As the lawyer intervening for the City of Sedona stated at the December 12th, 2014 ACC open meeting, “APS's request is not evidence. It's a request for a fee.”

           Another thing Sedona's lawyer pointed out at that meeting was that APS already had an existing fee of $16 for a separate, single, off-schedule meter read, so how did APS justify $21 per month? APS never responded. The ACC never pursued the point.

            Additionally, referencing the ACC 2007 “smart” meter Decision # 69736, I wrote in my appeal that:

Interestingly, a “finding of fact” that arose from this dereliction of duty called a Decision was:

“The communication cost per AMI meter was about $0.15 per month, compared to a meter read cost of about $0.90 per conventional meter.” 

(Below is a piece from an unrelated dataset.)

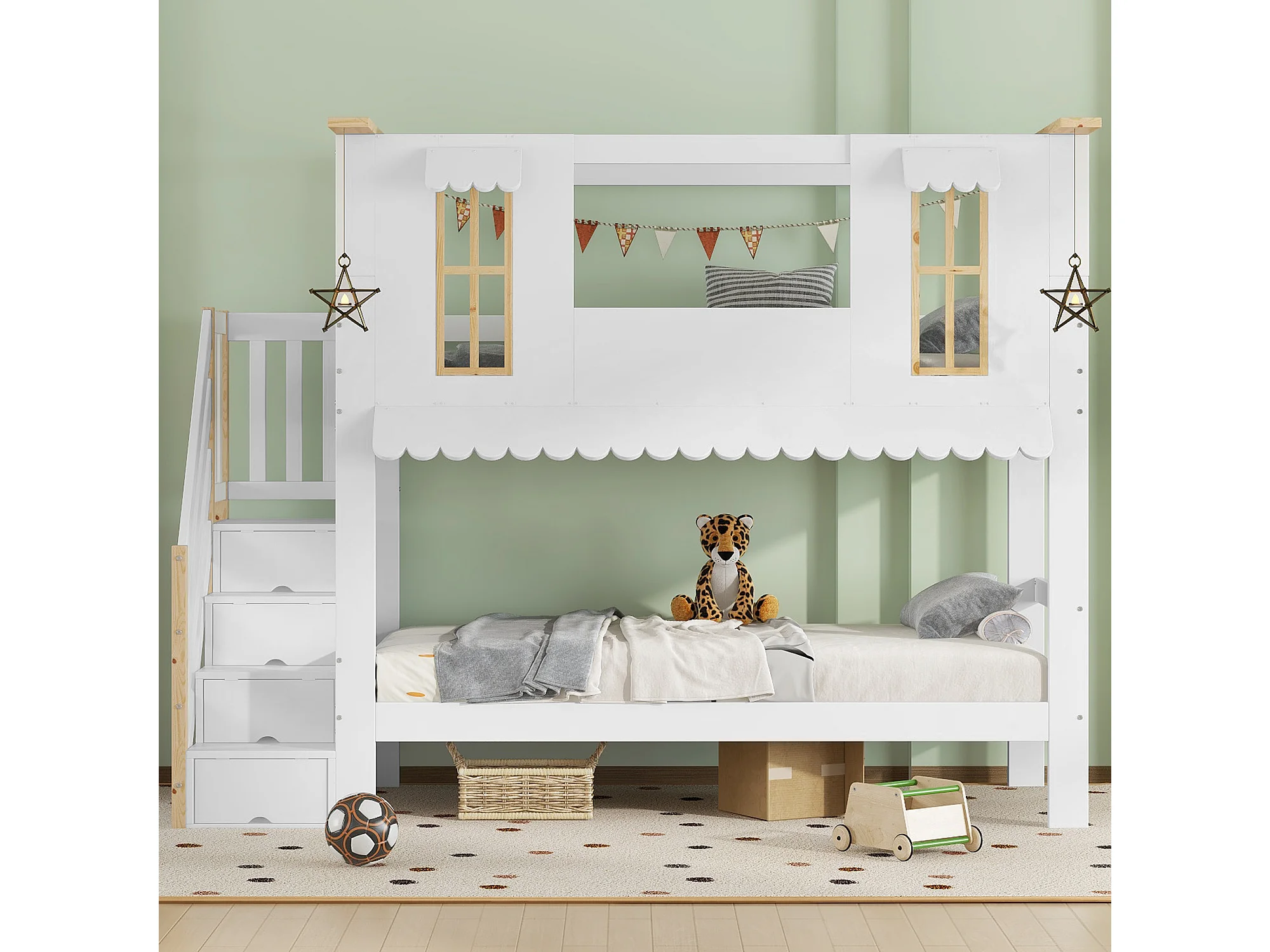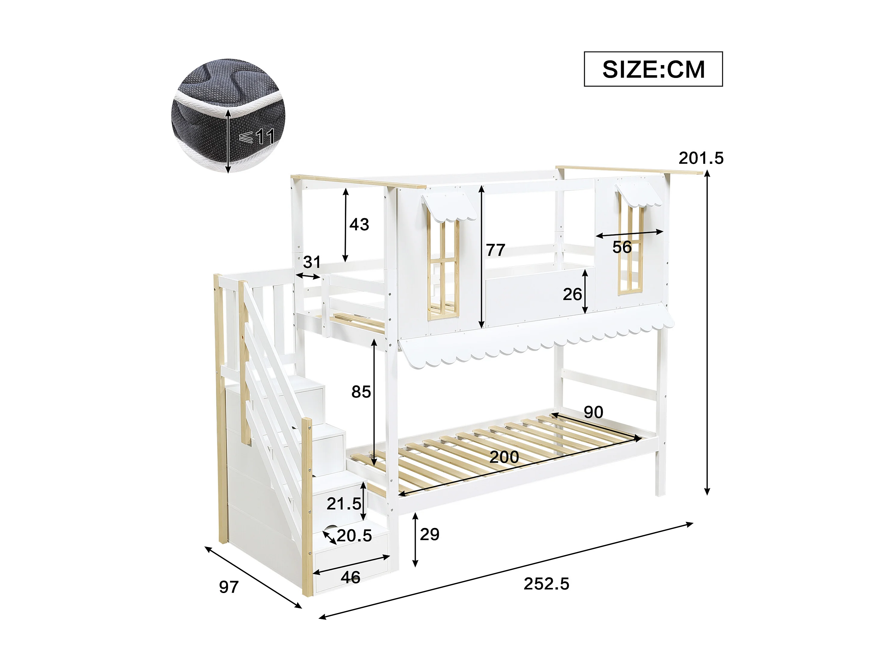 Litera infantil con escalera de almacenaje, ventanas decorativas y techo ondulado, pino + MDF, blanco + natural (252,5x97x201,5cm)

God only knows how that was derived. No analysis is given in the Decision.

But if the numbers given for meter reading are true – which is doubtful – what those numbers say is that reading an analog meter is six times the cost of reading a “smart” meter. 15 2007 cents is worth 17 cents today. Times 6 is $1.02. It is not the $5 the ACC thinks is a fair price for reading an analog meter today.
[pages 12 & 13]

           Nor is it the $21 that APS requested.

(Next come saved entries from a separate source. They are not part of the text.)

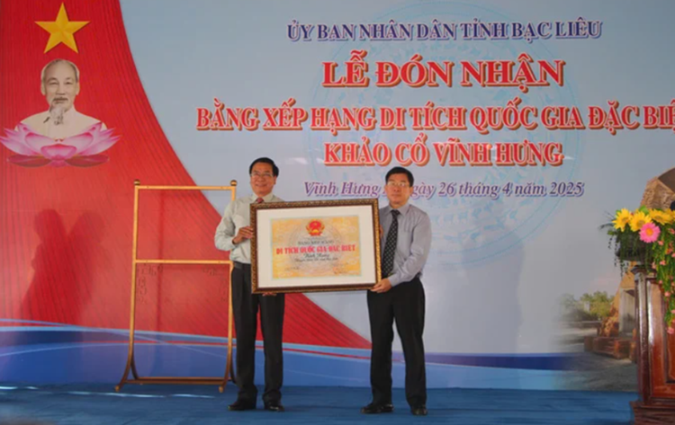 | Ông Nông Quốc Thành, Phó cục trưởng Cục Di sản Văn hóa, Bộ Văn hóa Thể thao và Du lịch (bìa phải) trao bằng xếp hạng Di tích Quốc gia đặc biệt Di tích khảo cổ Vĩnh Hưng cho đại diện Sở Văn hóa Thể thao và Du lịch tỉnh Bạc Liêu. |
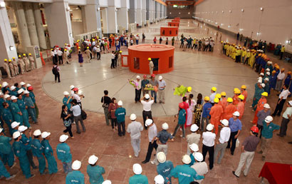 ) The sixth turbine of Son La Hydro-electric Plant in northern Son La Province joined the national grid yesterday, marking the completion of the nation's biggest power plant. Construction of the plant, consisting of six turbines with capacity of 400MW each, was kicked off in 2005 and expected to be inaugurated next December, adding about 10.2 billion kWh each year. — VNA/VNS Dieu Chinh Toi
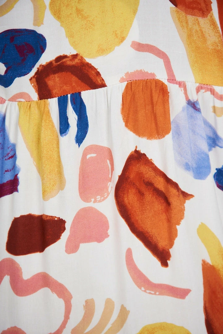 Our Kolour Dress comes in a white tone base, with a rust, gold & blue tone print. It features a round neckline & adjustable straps for a relaxed, comfortable fit. This flowy midi pairs beautifully with heels for a stunning spring look!
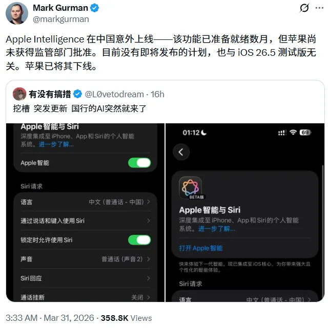 苹果为国行市场准备的苹果智能,
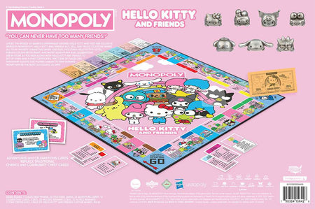 “You can never have too many friends!” Live by the words of Sanrio’s universally adored icon and join Hello Kitty in her colorful world with MONOPOLY: Hello Kitty and Friends! Buy, sell, and trade locations where all your favorite characters work and play in this all-new, custom version of the classic game featuring My Melody, Keroppi, Badtz-Maru, Chococat, Cinnamoroll, and many others. Seven collectible tokens feature Hello Kitty and Friends as the cutest vehicles, and Celebrations and Adventures are in store as you collect Kuromi’s Candy Shop, DokiDoki’s Burger Shack, and more to be the last player standing to win!

           So APS's assertion is false. Interveners have in fact presented “evidence to the contrary.”

            Moving through APS's comments, they just worsen. APS seems incapable of backing up its claims with facts. As I said, APS is given over to fantasy. APS says, 

“The application of Service Schedule 17 to residential rooftop solar customers, although perhaps less straightforward, is itself a relatively narrow issue despite claims by Intervenors to the contrary. There is no reason why this proceeding need last more than 180 days, start to finish.”
[page 4, lines 11 to 14]

            Actually, if APS continues to mislead, ignore issues, make stuff up and etc., there is every reason that any proceeding involving them could take who knows how long. It often takes me pages to thoroughly refute just one APS sentence.

            Notice how APS claimed that the current discrimination in Decision # 74871 is “... a relatively narrow issue despite claims by Intervenors to the contrary.” Yet APS offered nothing to back up that claim. It's just bluster. I wrote pages explaining the issue in my appeal. APS offered one sentence of unsupported denial. No wonder APS thinks it can get a proceeding over with according to its timetable.

            Notice also that APS has not addressed all the other discrimination inherent in Decision # 74871. As I pointed out in several places in my appeal of the Decision, commercial and Time Of Use customers are discriminated against also. Like the ACC, APS seems to be hoping that leaving issues unmentioned will make them go away. 

            To top that off, because others and I continue to bring up the unmentioned issues, as well as new issues that bear on “smart” meter policy such as the scandals here and in California, APS whined that we “endlessly prolong debate on an ever-expanding list of issues.” APS proclaimed “Enough is enough.”

            Enough will be enough when justice is served, no sooner, no later.